> _TRY IT_
When you copy from the entries that follow, take only the lines from the one with "IMAGE: A policeman" down to the one with "Three bright pieces", keeping both ends and dropping every picture.

BEGIN TASK DATA

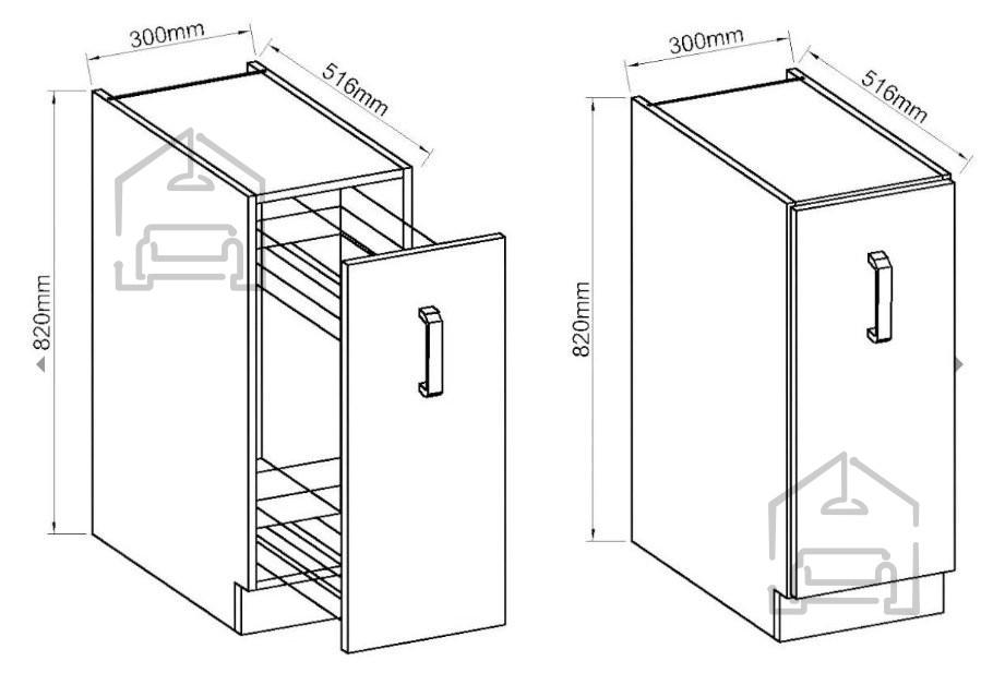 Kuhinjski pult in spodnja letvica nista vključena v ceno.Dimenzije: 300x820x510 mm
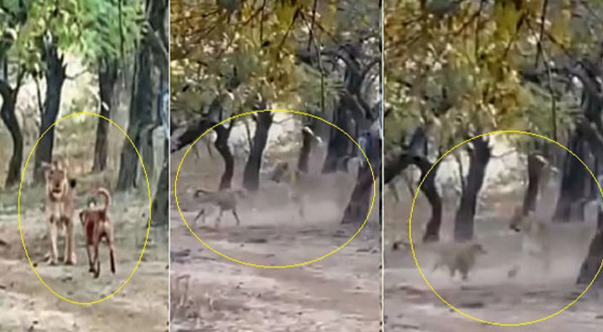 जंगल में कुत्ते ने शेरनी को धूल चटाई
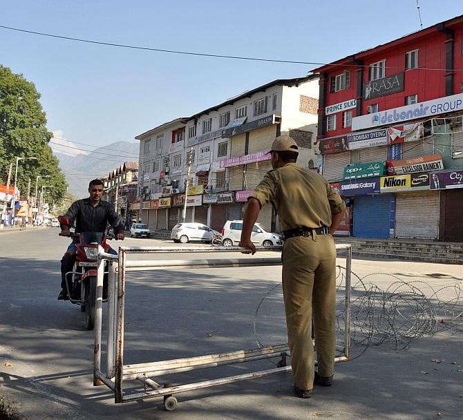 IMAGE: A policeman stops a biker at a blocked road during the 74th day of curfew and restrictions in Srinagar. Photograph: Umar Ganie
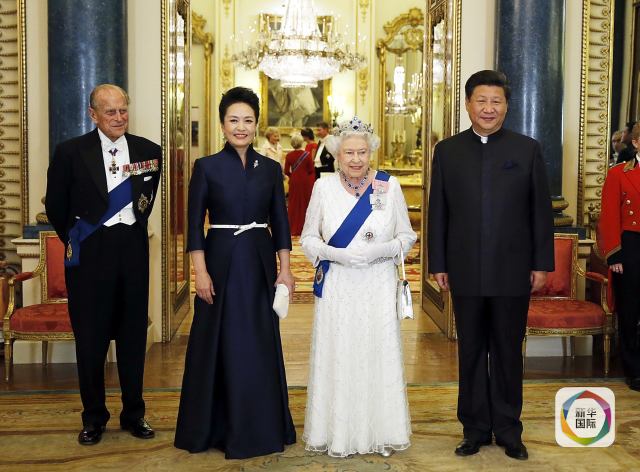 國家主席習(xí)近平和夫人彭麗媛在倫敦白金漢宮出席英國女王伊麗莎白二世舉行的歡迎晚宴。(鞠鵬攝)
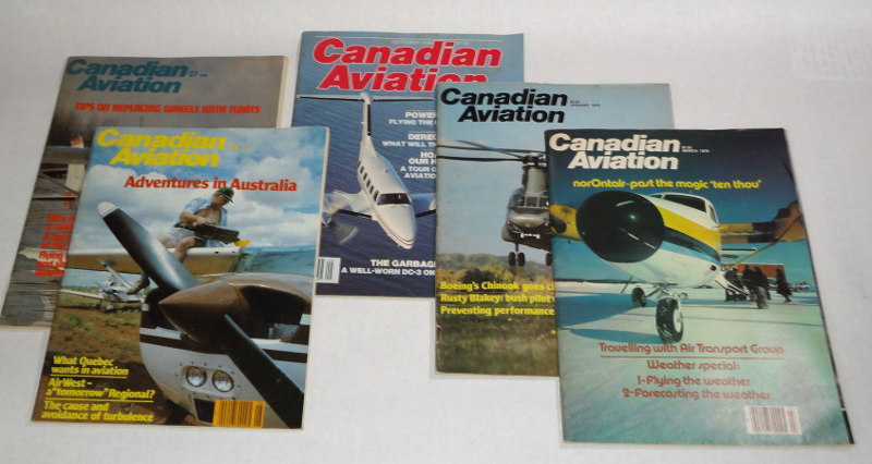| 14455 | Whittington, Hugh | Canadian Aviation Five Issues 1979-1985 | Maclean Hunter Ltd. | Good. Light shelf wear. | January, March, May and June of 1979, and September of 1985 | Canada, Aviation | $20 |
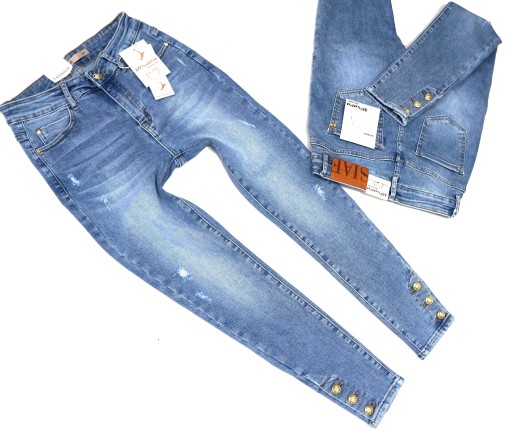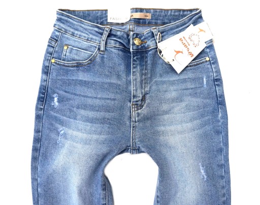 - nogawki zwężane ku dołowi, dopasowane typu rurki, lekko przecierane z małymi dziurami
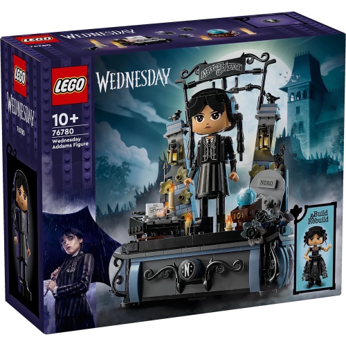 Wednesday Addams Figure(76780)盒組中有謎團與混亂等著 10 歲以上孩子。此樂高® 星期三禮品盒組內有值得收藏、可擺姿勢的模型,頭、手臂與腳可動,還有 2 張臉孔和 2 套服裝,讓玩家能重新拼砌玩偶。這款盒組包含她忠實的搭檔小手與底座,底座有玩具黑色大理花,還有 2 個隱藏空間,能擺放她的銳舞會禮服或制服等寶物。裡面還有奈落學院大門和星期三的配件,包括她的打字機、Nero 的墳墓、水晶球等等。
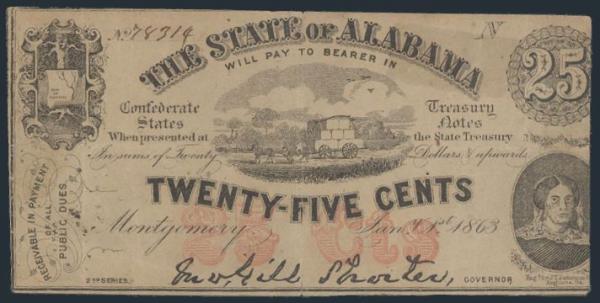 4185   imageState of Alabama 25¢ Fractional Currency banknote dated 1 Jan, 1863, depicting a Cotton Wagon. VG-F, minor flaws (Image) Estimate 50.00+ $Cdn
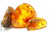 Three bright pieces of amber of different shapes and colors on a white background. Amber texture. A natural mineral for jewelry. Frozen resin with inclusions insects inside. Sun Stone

END TASK DATA
BEGIN TASK DATA

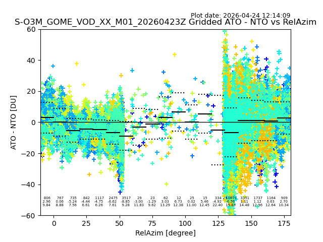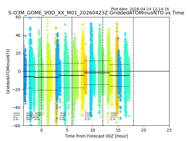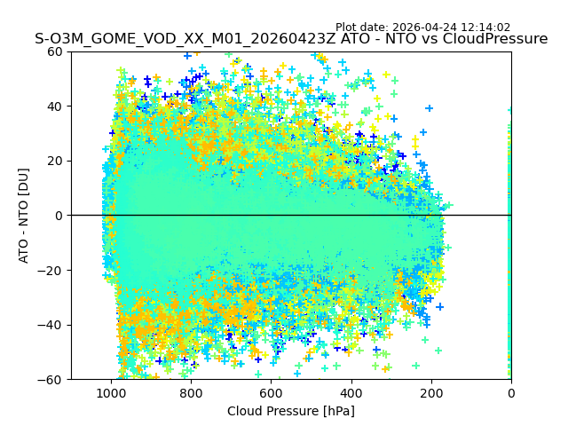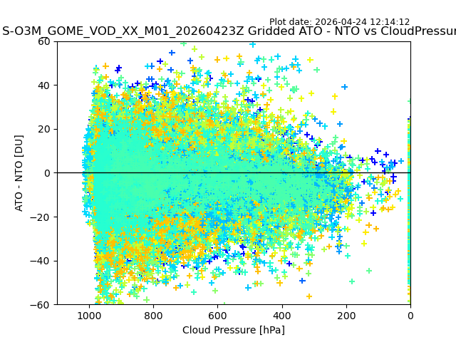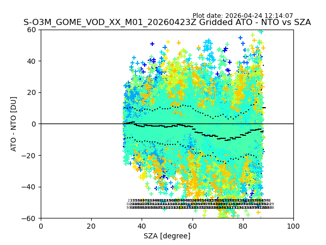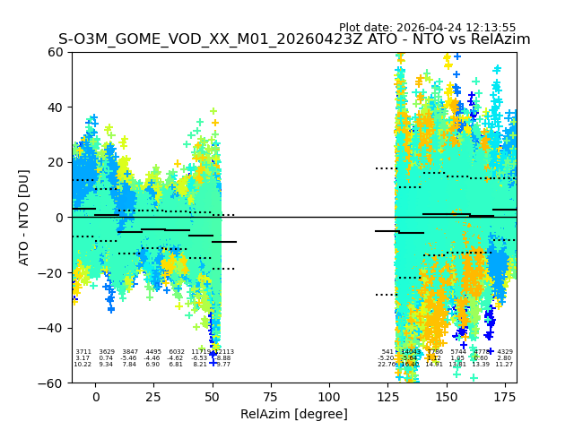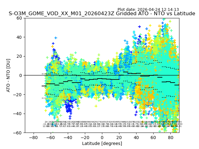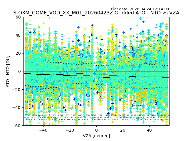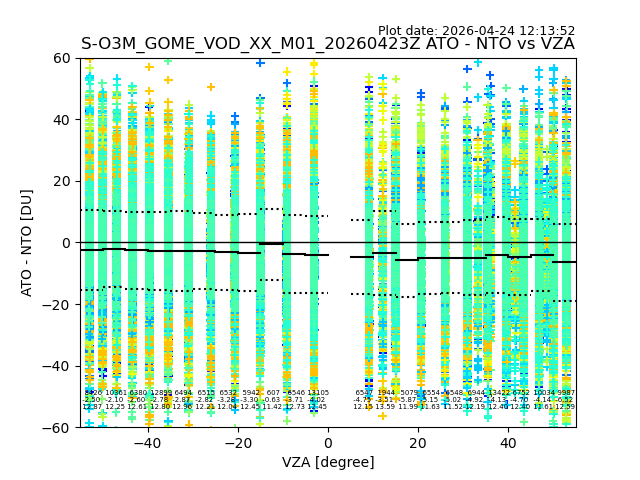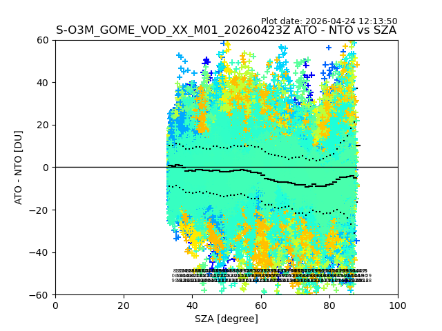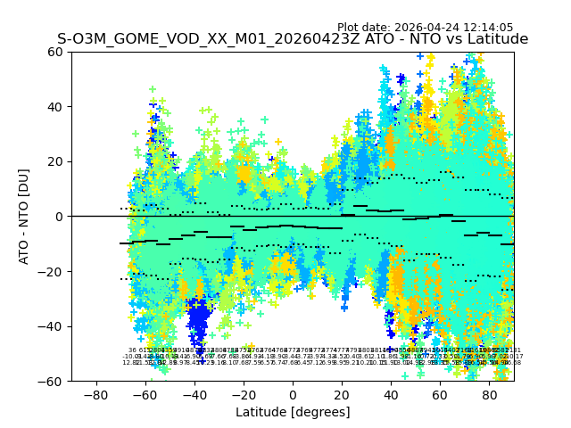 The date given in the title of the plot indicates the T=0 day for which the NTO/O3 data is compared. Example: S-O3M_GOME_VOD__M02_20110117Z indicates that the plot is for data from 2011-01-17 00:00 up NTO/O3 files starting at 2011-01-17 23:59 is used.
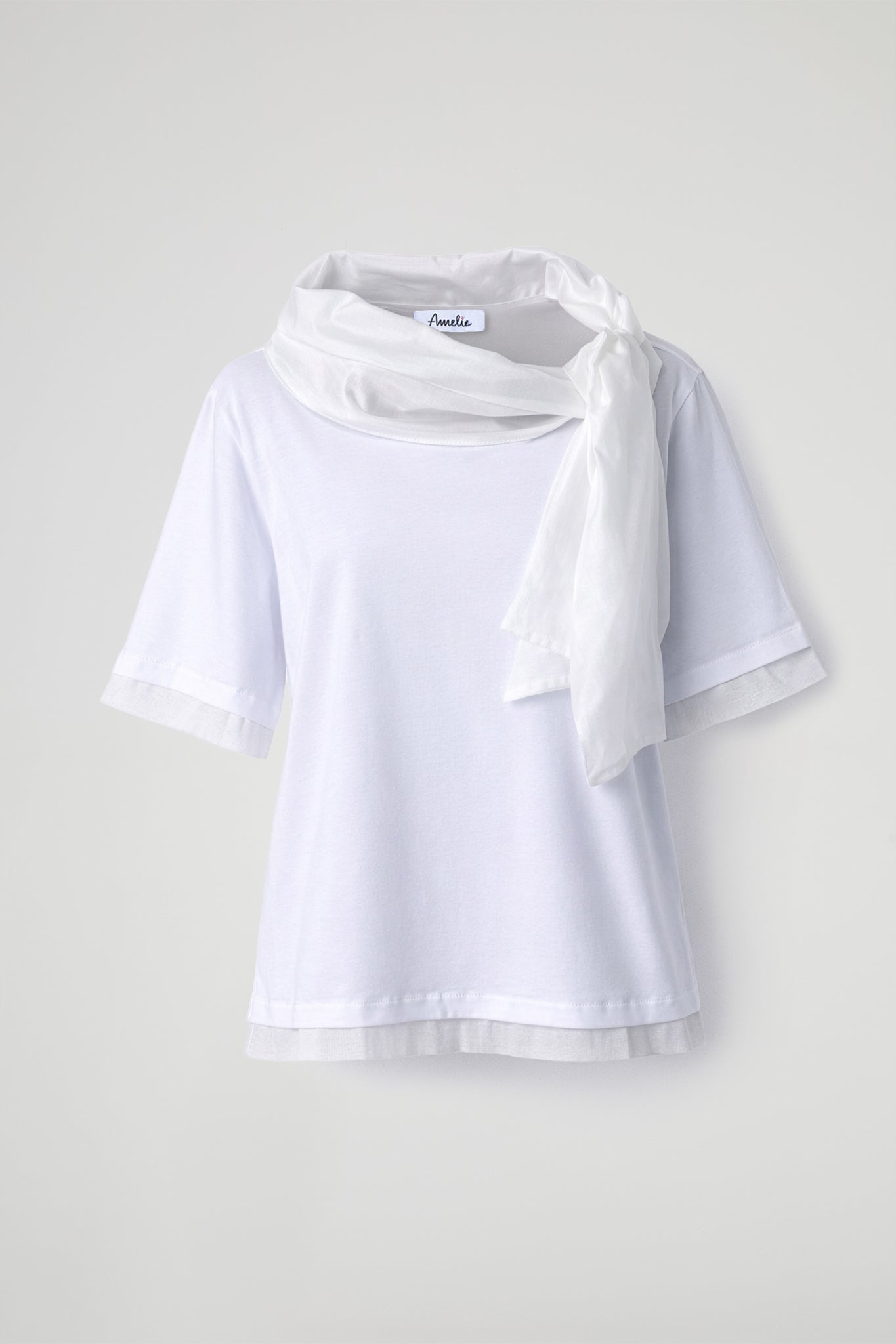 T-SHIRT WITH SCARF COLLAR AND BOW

END TASK DATA

> _ANSWER BOX_
 IMAGE: A policeman stops a biker at a blocked road during the 74th day of curfew and restrictions in Srinagar. Photograph: Umar Ganie
 國家主席習(xí)近平和夫人彭麗媛在倫敦白金漢宮出席英國女王伊麗莎白二世舉行的歡迎晚宴。(鞠鵬攝)
| 14455 | Whittington, Hugh | Canadian Aviation Five Issues 1979-1985 | Maclean Hunter Ltd. | Good. Light shelf wear. | January, March, May and June of 1979, and September of 1985 | Canada, Aviation | $20 |
 - nogawki zwężane ku dołowi, dopasowane typu rurki, lekko przecierane z małymi dziurami
 Wednesday Addams Figure(76780)盒組中有謎團與混亂等著 10 歲以上孩子。此樂高® 星期三禮品盒組內有值得收藏、可擺姿勢的模型,頭、手臂與腳可動,還有 2 張臉孔和 2 套服裝,讓玩家能重新拼砌玩偶。這款盒組包含她忠實的搭檔小手與底座,底座有玩具黑色大理花,還有 2 個隱藏空間,能擺放她的銳舞會禮服或制服等寶物。裡面還有奈落學院大門和星期三的配件,包括她的打字機、Nero 的墳墓、水晶球等等。
 4185   imageState of Alabama 25¢ Fractional Currency banknote dated 1 Jan, 1863, depicting a Cotton Wagon. VG-F, minor flaws (Image) Estimate 50.00+ $Cdn
 Three bright pieces of amber of different shapes and colors on a white background. Amber texture. A natural mineral for jewelry. Frozen resin with inclusions insects inside. Sun Stone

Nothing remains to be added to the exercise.